In fact, if you are a part of a team working on building a modern data architecture, chances are high you are using an open-source stack.


Similarly, Cloud Computing has been enabling Big Data Solutions in yielding scalable and cost-effective solutions in analytics space.


Open Source and Cloud : The Correlation

In the cloud ecosystem, many of the commercially available cloud services are either

Similar to an OSS ➑ Similar in Features (Eg: AWS Step Functions and Apache Airflow )

OR

Modeled after an OSS ➑ Follows/ Inherits the design principles of an existing Open Source framework. (Eg: AWS Kinesis and Apache Kafka)
OR

Managed service of an OSS ➑ Takes care of deployment & maintenance of the OSS framework and making it ready to use. (Eg: AWS RDS Postgres and PostgresDB)

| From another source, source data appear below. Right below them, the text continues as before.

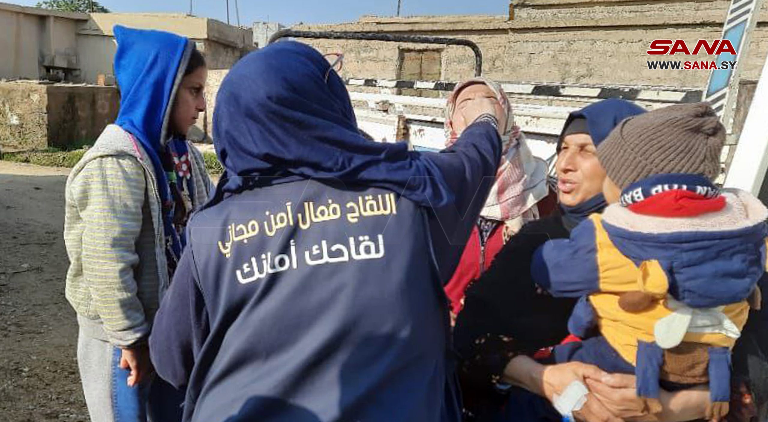 En Raqa, la campaña abarcó el campo liberado, según el director de Salud, Dr. Ghiath Al-Hamoud, quien confirmó que el personal médico sigue brindando sus servicios a través de 38 centros de salud y 90 equipos ambulantes.
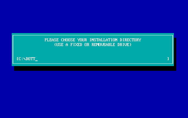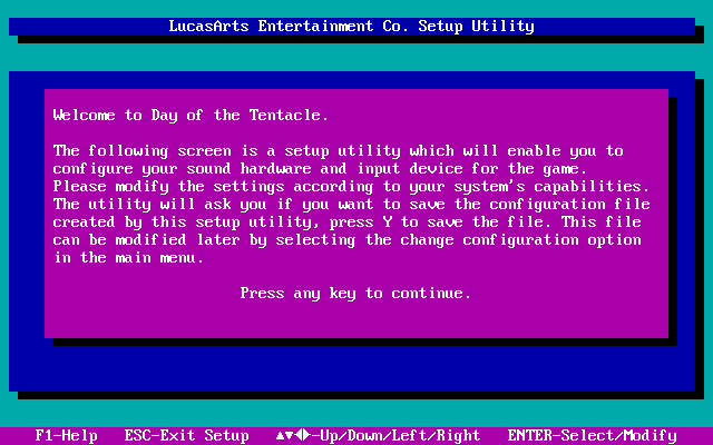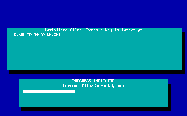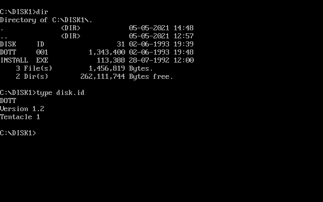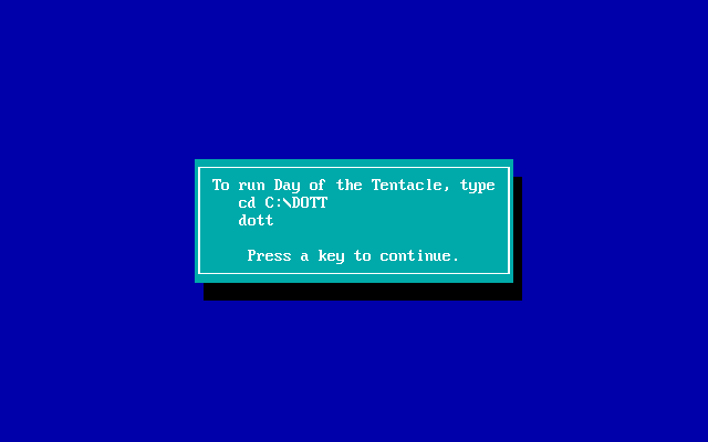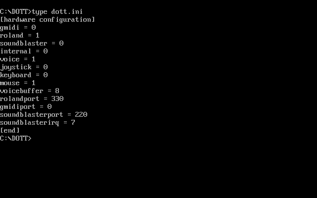 Resolution: Download this DOTTCD.EXE file, and extract it to your DOTT.CD game directory. The DOTT.CD directory is created the first time you save a configuration in the 'Change Configuration' screen. Then re-run the game from this DOTT.CD directory. Note that apparently this will disable MIDI sound so if you want to use General MIDI or Roland, *only* install the Roland file - perhaps extract the contents to a temporary directory first, then take the roland file across to DOTT.CD.
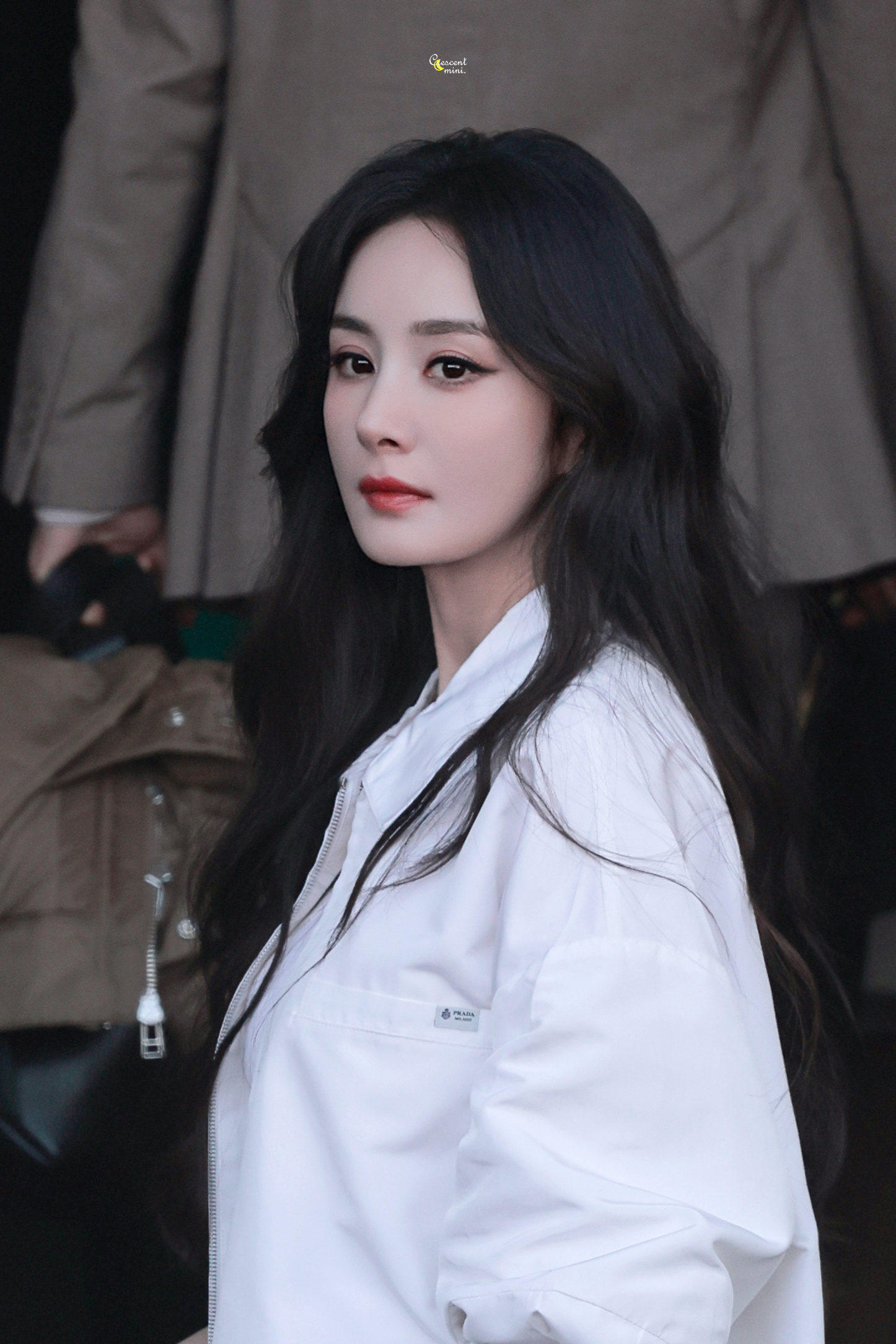 Prada代言人杨幂杨幂第三次前往米兰时装周~出发+米兰探店的牛仔外套和内搭,
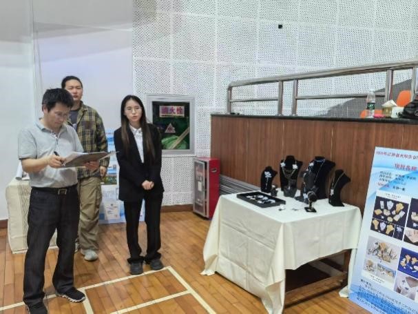 在公司评审团评审环节,公司赖苧、李润泽、张雅晴、张骋昊四位同学带领项目团队对项目研究成果、创新点和发展前景进行了全方位展示,并就专家提问进行了答辩。评审专家对公司项目给予高度评价,认为《花卉元素首饰设计及开发》项目具有较好的应用价值,《水晶废料与滴胶工艺结合的海洋文旅产品设计》项目为解决水晶废料提供了新思路。
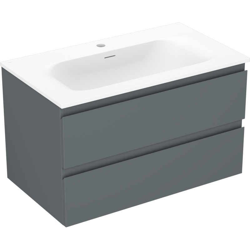 Skapet har en bredde på 80 cm, dybde på 46 cm og høyde på 47 cm, noe som gir god lagringsplass uten å ta for mye plass i rommet. Korpuset er utført i lakkert plate i grafitt matt, mens frontene er laget av lakkert MDF i samme grafittfarge med glatt overflate. Den medfølgende Vela-servanten i hvit matt konglomerat gir en elegant kontrast og gjør dette til et komplett baderomsskap med servant som fremstår både tidløst og moderne.
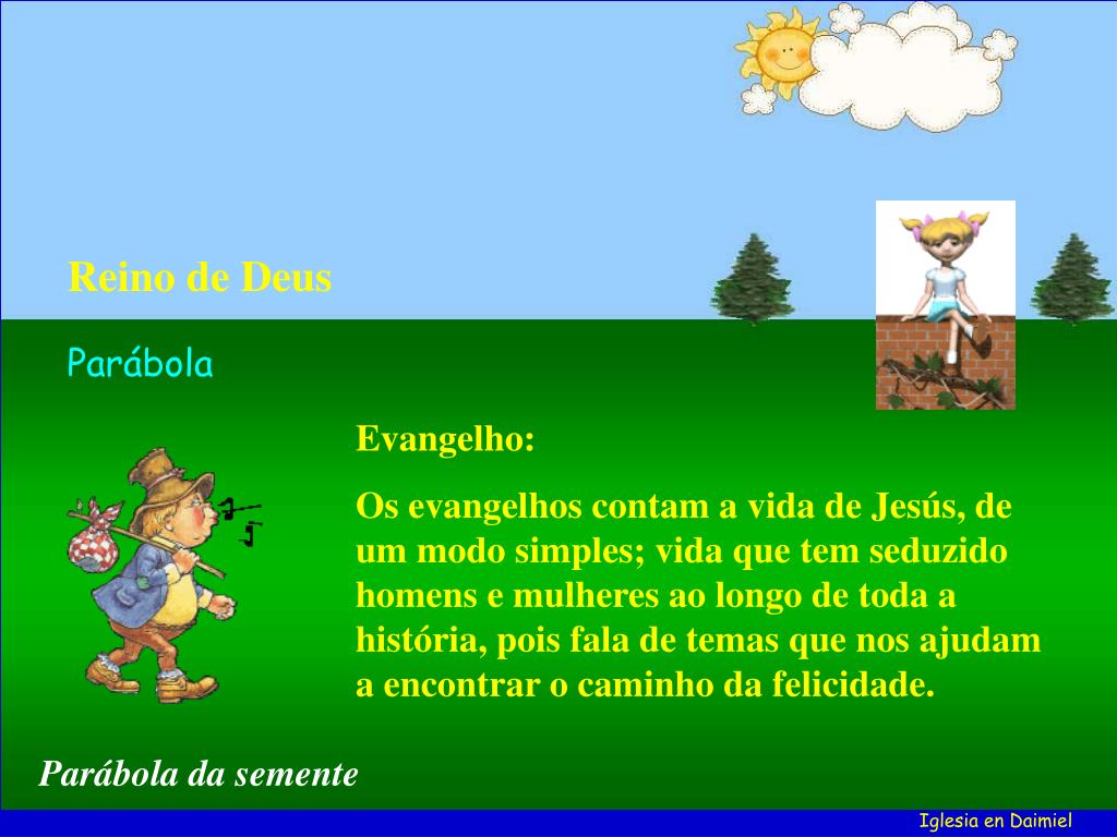 As parábolas do Reino de Deus são: O semeador, a cizânia, O CRESCIMENTO DA SEMENTE, o grão de mostarda, o fermento, o tesouro escondido, a pérola preciosa, a rede de pescar, o dono que cuida do novo e do velho. Reino de Deus Evangelho Parábola: É uma história simples, que todo o mundo pode entender. Esta parábola baseia-se em algo da natureza, o crecimento da semente. Jesús devia ser muito inteligente para propor estes exemplos concretos. Parábola da semente Iglesia en Daimiel
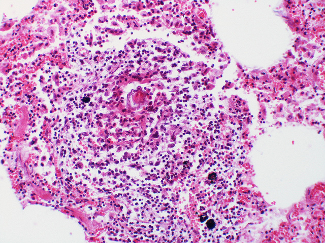 Granuloma surrounding a Schistosoma egg (Flickr user Yale Rosen)
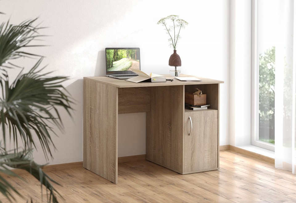 Классический письменный стол с двухсекционной тумбой. Оптимален и для работы, и для развлечений. Скругленные передние углы столешницы обеспечивают дополнительную безопасность.
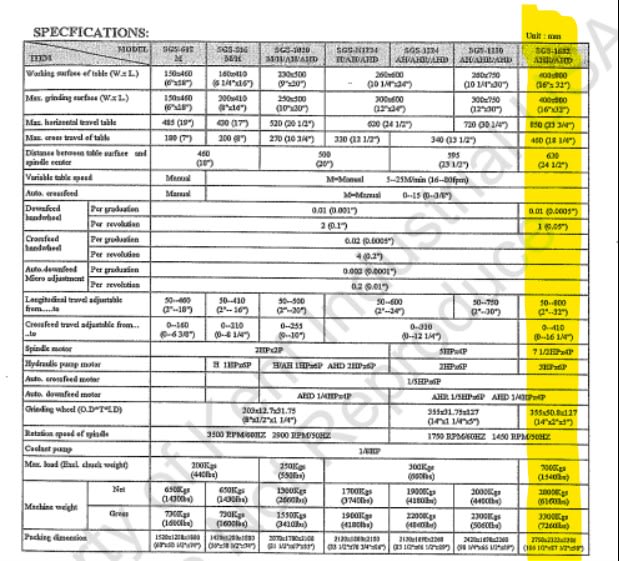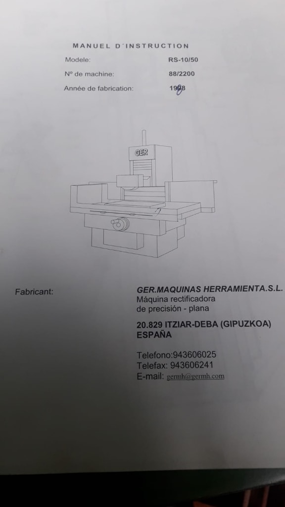 Table: Table length: 200mm - Table width: 110mm - Distance between table and spindle: 90mm - Magnetic plate: 105 x 155mm - Travel: - Grinding length: 160mm - Grinding width: 110mm - Longitudinal stroke (x-axis): 200 mm - Transverse stroke (y-axis): 110 mm - Grinding wheel: - Grinding wheel diameter: 125 mm - Grinding wheel width: 16 mm - Inner diameter: 16 mm - Spindle motor: 0.35 [HP] - Dimensions: - Dimensions (length-depth-height): 1000 x 650 x 1500mm - Weight: 350 [kg] - Approx. 100Kg - Origin: France. Location: 59300 Valenciennes, France. 500 EUR loading fee - LOT 31
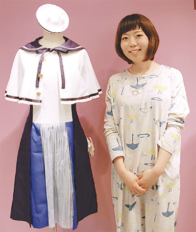 「(スカートの)グラデーションを実現するため、素材選びにも苦労しました」。メーカーと協議を重ね、ボタン一つにもこだわった制作過程を振り返る杉山さん。「将来の夢はデザイナー」と話してくれた。
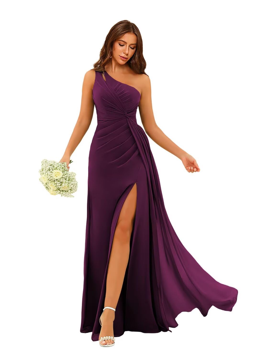 YMSHA One Shoulder Bridesmaid Dresses with Slit Pleated Formal Dress for Women CLN001

To understand more, Let's touch upon the basics...


Getting to know the cloud

The first step that many of us go through while getting to know about cloud services is to start wondering where to start from the plethora of services available out there.

So, For the ease of understanding, Irrespective of the cloud provider (AWS, Azure, GCP, etc). let's group the big data related cloud services into these stages.

Alt Text


Now, Let's try to understand the cloud ecosystem by comparing AWS cloud services with its equivalent open source frameworks. (Similar comparison can be drawn with Azure and GCP as well)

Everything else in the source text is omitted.